New Jersey Institute for Social Justice Honors Founding Board Member With Fellowship

New position will provide career opportunities for public interest lawyers

Newark, New Jersey—Today, in honor of the late Dickinson R. Debevoise, United States District Court Judge and founding board member, the New Jersey Institute for Social Justice (“Institute”) announced the creation of a fund to support a new social justice fellowship for public interest lawyers.

“For more than 35 years, Judge Debevoise served with unparalleled distinction as a federal judge until his recent death at 91,” said Ryan P. Haygood, Institute President and CEO. “A brilliant jurist, Judge Debevoise dedicated his life to pursuing justice and equality. We honor his life and legacy by providing an opportunity for young lawyers to advance social and racial justice through this fellowship.” Judge Debevoise passed away peacefully at his home on August 14, 2015. Upon his passing, Jerome B. Simandle, Chief United States District Court Judge for the District of New Jersey, said, “Our court has lost one of its greatest judges ever.” Judge Debevoise began his lifelong public service in the United States Army during World War II, for which he earned a Bronze Star Medal. He also became active in the civil rights movement, representing and recruiting attorneys to represent civil rights workers in Mississippi during the 1964 Mississippi Freedom Summer. Reflecting on his life’s work, Judge Debevoise later explained that one of his proudest professional accomplishments was establishing Newark Legal Services in 1965, an organization (now known as Essex-Newark Legal Services) that provides free legal services and advocates for New Jersey’s poor and marginalized residents. Consistent with his commitment to public service, Judge Debevoise served as the Institute’s founding board vice-president, trustee, and ultimately trustee emeritus. In that capacity, he helped to create, shape, and advance the Institute’s mission.

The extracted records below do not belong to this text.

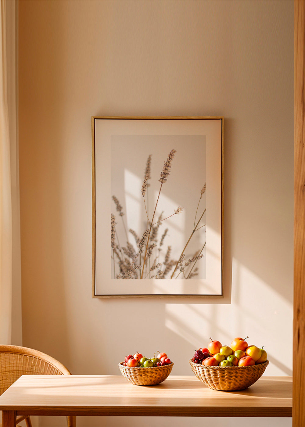 Wenn Sie die Passepartout-Option wählen, fügen wir die weiße matte Platte dem Rahmen hinzu und reduzieren das Design der Arbeit. Wählen Sie beispielsweise ein Druckformat 50x70 cm, mit eichenfarbenem Rahmen und Passepartout, reduzieren wir das Design des Druckes auf das bisherige Format (40x50cm). So passt es sich perfekt an das Innenfenster des Passepartouts an.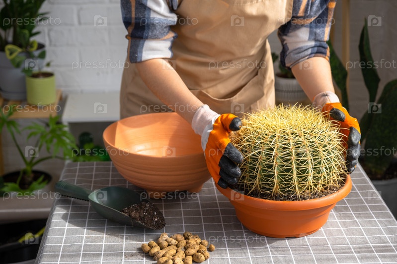 Пересадка выросшего домашнего растения большого колючего кактуса Echinocactus Gruzoni в новый горшок большего размера.Женщина с защитными перчатками осторожно держит кактус, опасаясь укола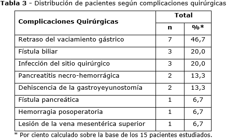 De los 15 pacientes estudiados en la serie, en 12 (80,0 %) aparecieron complicaciones asociadas a la cirugía (tabla 3). Se aprecia que ocurrieron un total de 20 complicaciones, para un promedio de 1,3 por paciente. El retraso del vaciamiento gástrico fue la complicación que prevaleció, con 7 enfermos para un 46,7 %. La fístula pancreática, la lesión de la vena mesentérica superior y la hemorragia posoperatoria se presentaron una sola vez, para un 6,7 % cada una; sin embargo, las 2 últimas provocaron la muerte del paciente en las primeras 48 horas del posoperatorio.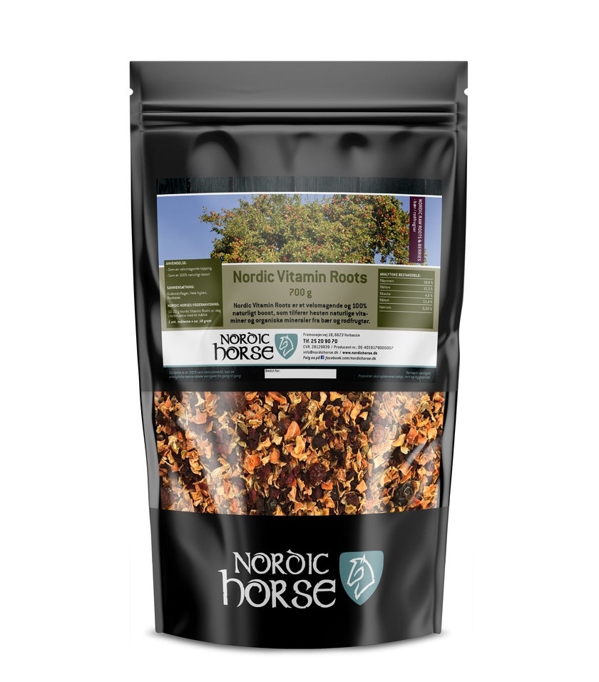 Nordic Vitamin Roots er et 100% naturligt energiboost, der tilfører hesten et væld af aktive stoffer og et højt indhold af vitaminer og mineraler. Vitamin Roots styrker immunforsvaret og gavner leddene, samtidig med at det bidrager til øget vitalitet og modstandskraft.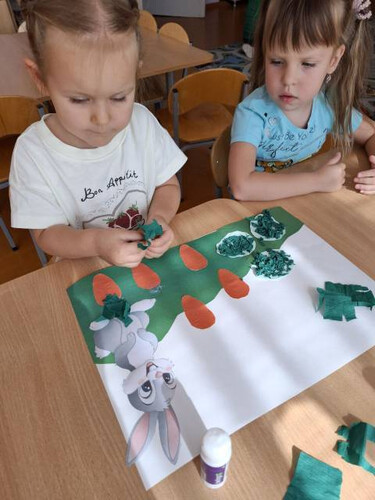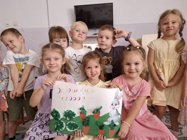 В конце недели ребята создавали общий макет огорода, на котором размещали сделанные из аппликации овощи. Создание "Заюшкиного огорода" способствовало развитию навыков сотрудничества и командной работы.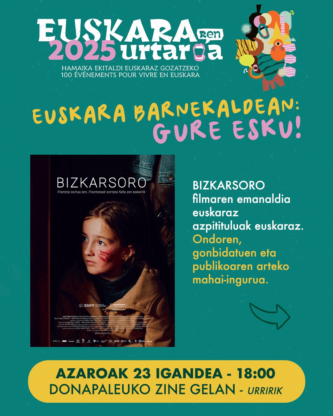 Gaualdia Bizkarsoro filmaren emanaldiarekin hasiko da: obra hunkigarri eta indartsua, gure egunerokoan euskararen lekua eta hizkuntzaren inguruan egiten ditugun erabaki kolektiboak galdezkatzen dituena.

Judge Debevoise’s daughter, Molly Debevoise Rennie, said, “My father never lost sight during his long career of the potential for Newark with its rich history and diversity. His work with the civil rights movement during the early 1960s made the New Jersey Institute for Social Justice a natural focus for his energies. The Institute was a great source of pride for my father. He was particularly proud of the work being done to research, represent, and understand the prison population and the challenges of reentry into the workforce and society for those with a criminal record. The Institute's work fighting structural poverty and racial inequality will continue long after his passing. Our family is delighted that the Honorable Dickinson R. Debevoise Fellowship has been established to help advance the vital work of the New Jersey Institute for Social Justice.”